Issues Involved: 1. Estimation of profit on alleged bogus purchases. 2. Legality of proceedings initiated under section 147 and issuance of notice under section 148. 3. Legality of the order made under section 143(3) read with section 147. 4. Charging of interest under sections 234A, 234B, 234C, and 234D.
Detailed Analysis:
1. Estimation of Profit on Alleged Bogus Purchases: The assessee contested the CIT(A)'s decision to estimate profit at 17.5% on alleged bogus purchases for the assessment years 2009-10, 2010-11, and 2011-12. The CIT(A) had directed the AO to restrict the addition to 17.5% of such purchases after giving credit for the gross profit (GP) rate already disclosed by the assessee. The CIT(A) relied on several judicial pronouncements, including cases like Sri Ganesh Rice Mills, Samurai Software (P) Ltd., Indian Woollen Carpet Factory, Sanjay Oilcake Industries, Asst. Commissioner of Income Tax vs. Tribhovandas Bhimji Zaveri, and Bholanath Polyfab Pvt. Ltd. The CIT(A) concluded that the profit margin embedded in the bogus purchases should be disallowed and subjected to tax, estimating a profit margin of 17.5%.

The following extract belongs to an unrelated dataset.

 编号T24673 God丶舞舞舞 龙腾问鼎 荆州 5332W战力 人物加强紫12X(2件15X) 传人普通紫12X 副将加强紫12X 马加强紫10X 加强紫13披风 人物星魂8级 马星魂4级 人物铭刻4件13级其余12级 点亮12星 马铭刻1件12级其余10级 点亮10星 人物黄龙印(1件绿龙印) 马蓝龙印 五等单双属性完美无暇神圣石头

2. Legality of Proceedings Initiated Under Section 147 and Issuance of Notice Under Section 148: The assessee argued that the proceedings initiated under section 147 by issuing notice under section 148 were bad in law and contrary to the provisions of the Act. The assessee claimed that the reasons recorded by the CIT(A) depicted mere suspicion and that no tangible material was available in the possession of the Assessing Officer (AO). However, the CIT(A) rejected this claim, stating that the proceedings were validly initiated.
3. Legality of the Order Made Under Section 143(3) Read with Section 147: The assessee contended that the order made under section 143(3) read with section 147 was illegal, bad-in-law, ultra vires, and passed without allowing a reasonable opportunity of hearing. The assessee also argued that the order was made without appreciating the facts, submissions, and evidence in their proper perspective and without providing copies of the material/evidence relied upon. The CIT(A) rejected this claim as well.

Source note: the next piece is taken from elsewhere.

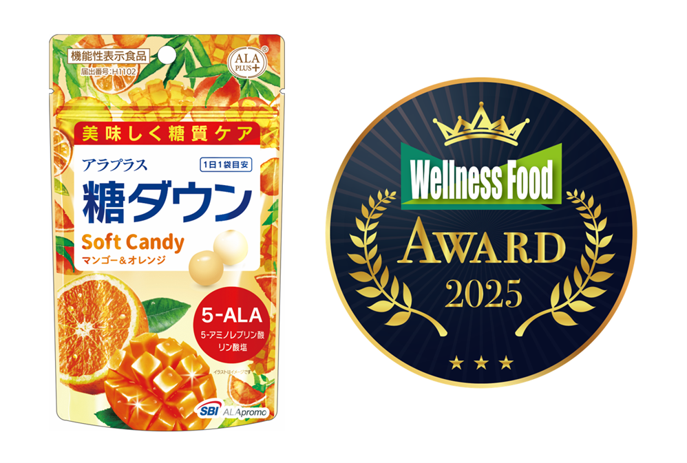 この度、SBIホールディングス株式会社の子会社で5-アミノレブリン酸リン酸塩(以下5-ALA(※1))を利用した健康食品、化粧品の製造・販売等を行っているSBIアラプロモ株式会社(本社:東京都港区、代表取締役:竹崎 泰史、以下「SBIアラプロモ」)は、第8回ウェルネスフードアワード2025のOYATSU部門にて、糖質ケアする菓子タイプの機能性表示食品「アラプラス 糖ダウン ソフトキャンディー」が銅賞を受賞しましたことをお知らせいたします。

4. Charging of Interest Under Sections 234A, 234B, 234C, and 234D: The assessee argued that the AO erred in charging interest under sections 234A, 234B, 234C, and 234D. However, there was no specific discussion or separate judgment on this issue in the provided text.

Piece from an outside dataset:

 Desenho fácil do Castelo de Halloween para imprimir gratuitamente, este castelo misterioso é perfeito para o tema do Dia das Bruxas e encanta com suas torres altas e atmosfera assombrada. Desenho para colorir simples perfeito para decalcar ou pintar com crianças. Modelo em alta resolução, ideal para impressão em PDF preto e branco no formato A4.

Conclusion: The Tribunal considered the rival contentions and the orders of the authorities below. It was noted that the AO had made additions based on information from the sales tax department regarding bogus purchases. The CIT(A) had found that the AO did not dispute the quantitative details or the day-to-day stock register maintained by the assessee. The Tribunal concluded that when the corresponding sales were not doubted and the quantitative details of purchases and sales vis-a-vis stock were available, it was appropriate to restrict the addition to 2% of such bogus purchases. Consequently, the Tribunal modified the orders of the lower authorities and directed the AO to restrict the addition to 2% on such purchases. The appeals of the assessee were allowed in part, whereas the appeals of the revenue were dismissed.
Order Pronounced: The order was pronounced in the open court on 29/08/2017.